» **RECORDS TO PROCESS**
◇ ◇ ◇

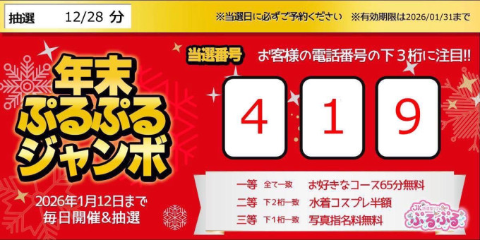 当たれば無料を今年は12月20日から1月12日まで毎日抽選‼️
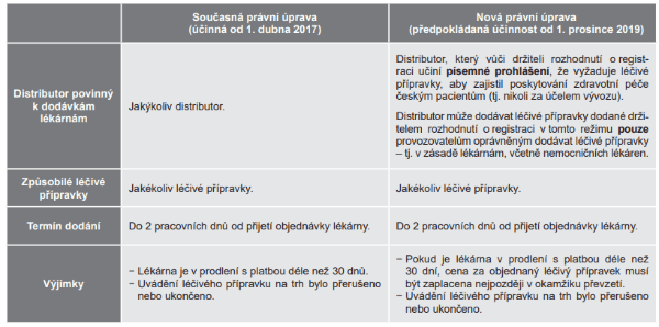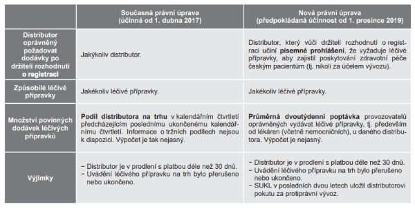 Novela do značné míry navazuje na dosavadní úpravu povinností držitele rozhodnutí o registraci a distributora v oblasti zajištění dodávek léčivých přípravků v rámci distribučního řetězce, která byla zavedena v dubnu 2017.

◇ ◇ ◇

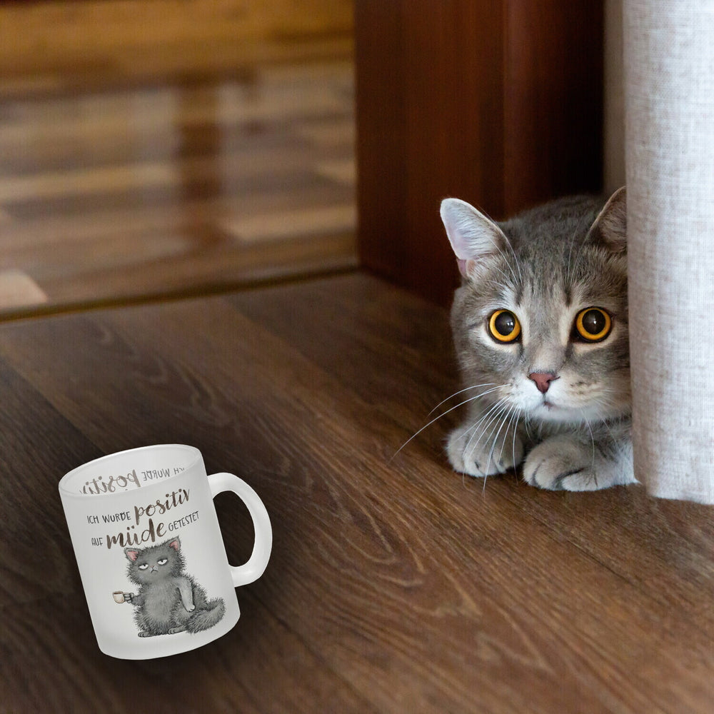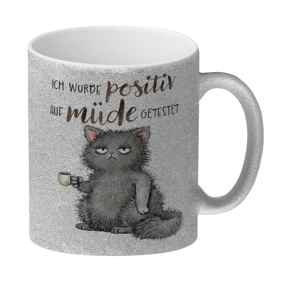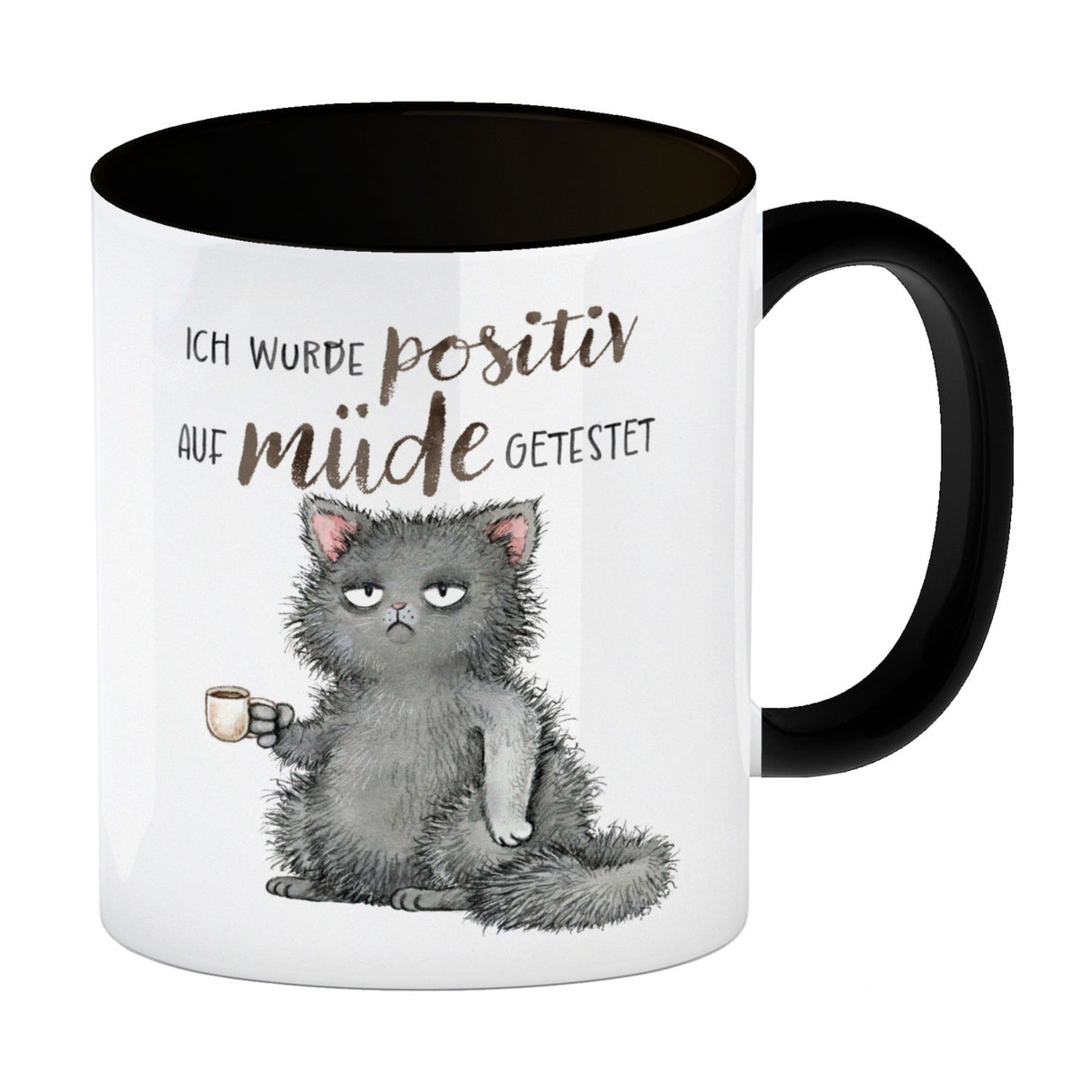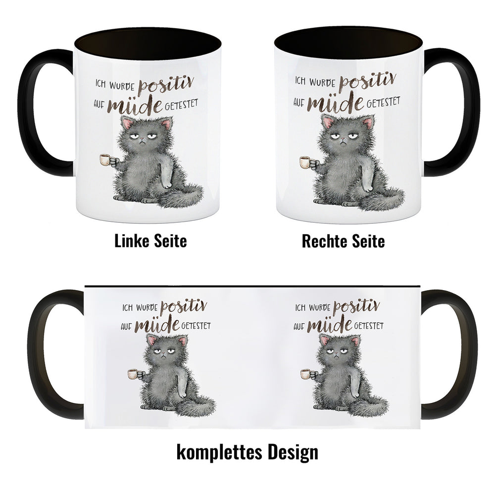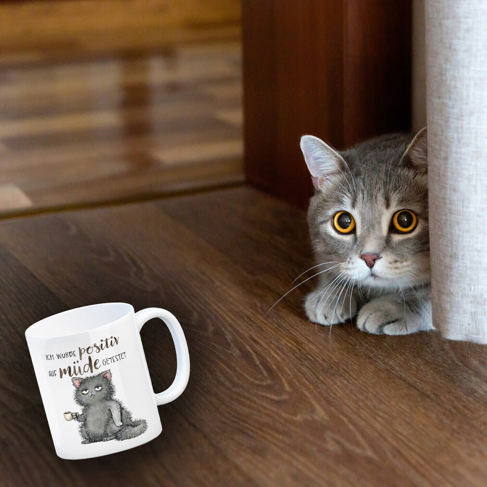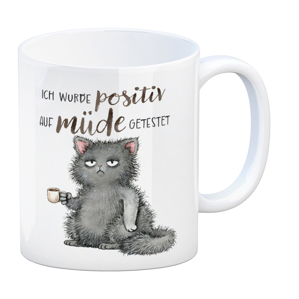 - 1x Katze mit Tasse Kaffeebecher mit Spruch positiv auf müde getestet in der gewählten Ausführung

◇ ◇ ◇

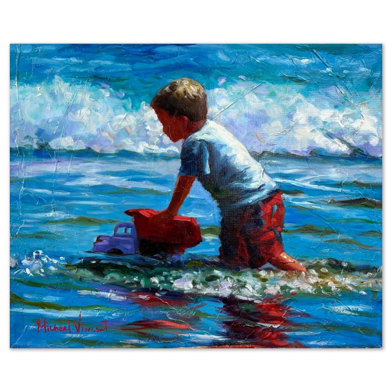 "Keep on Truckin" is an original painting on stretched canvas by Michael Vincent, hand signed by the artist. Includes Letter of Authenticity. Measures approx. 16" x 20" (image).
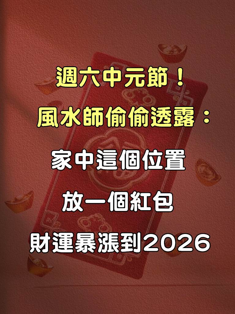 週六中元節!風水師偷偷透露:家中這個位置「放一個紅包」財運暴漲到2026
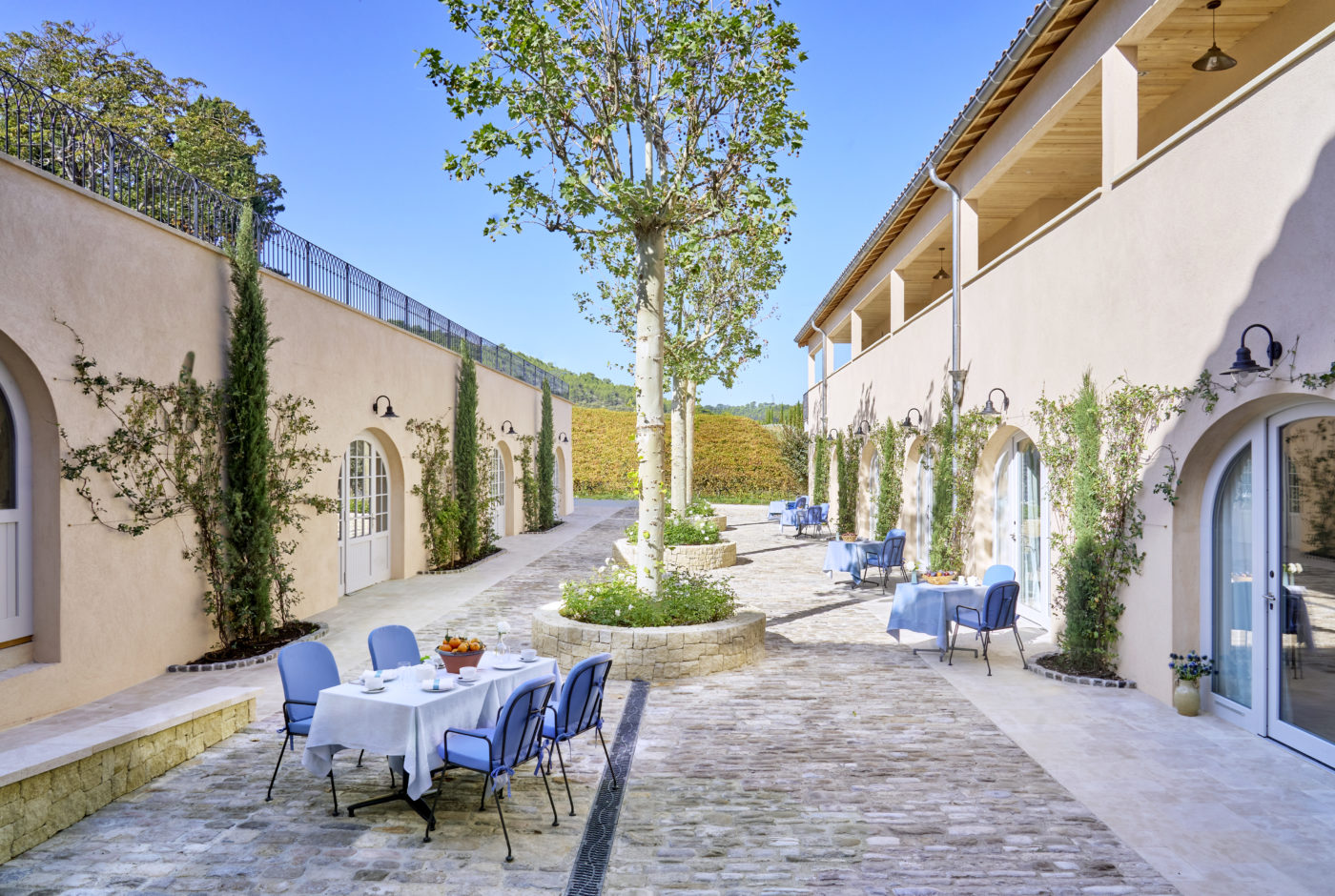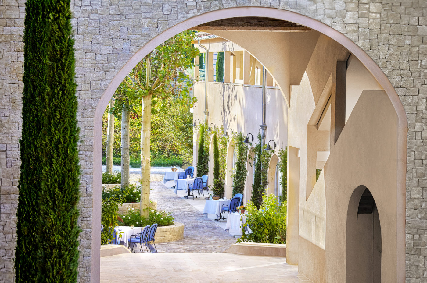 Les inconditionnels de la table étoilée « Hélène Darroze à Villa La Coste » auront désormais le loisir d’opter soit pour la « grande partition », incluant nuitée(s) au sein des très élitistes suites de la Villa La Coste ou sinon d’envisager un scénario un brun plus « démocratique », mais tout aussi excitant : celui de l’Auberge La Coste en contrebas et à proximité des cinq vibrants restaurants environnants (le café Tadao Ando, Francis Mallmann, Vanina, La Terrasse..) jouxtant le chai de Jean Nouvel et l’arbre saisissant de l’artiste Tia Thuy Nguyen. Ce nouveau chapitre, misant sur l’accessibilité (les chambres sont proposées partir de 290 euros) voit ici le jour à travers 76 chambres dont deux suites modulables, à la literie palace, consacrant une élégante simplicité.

◇ ◇ ◇

» **WORK REQUIRED**
Nothing but the lines above from the one that has "当たれば無料を今年は12月20日から1月12日まで毎日抽選‼️" down to the one that has "Novela do značné" belongs in the answer, copied exactly, without pictures.

» **RESPONSE**
 当たれば無料を今年は12月20日から1月12日まで毎日抽選‼️
 Novela do značné míry navazuje na dosavadní úpravu povinností držitele rozhodnutí o registraci a distributora v oblasti zajištění dodávek léčivých přípravků v rámci distribučního řetězce, která byla zavedena v dubnu 2017.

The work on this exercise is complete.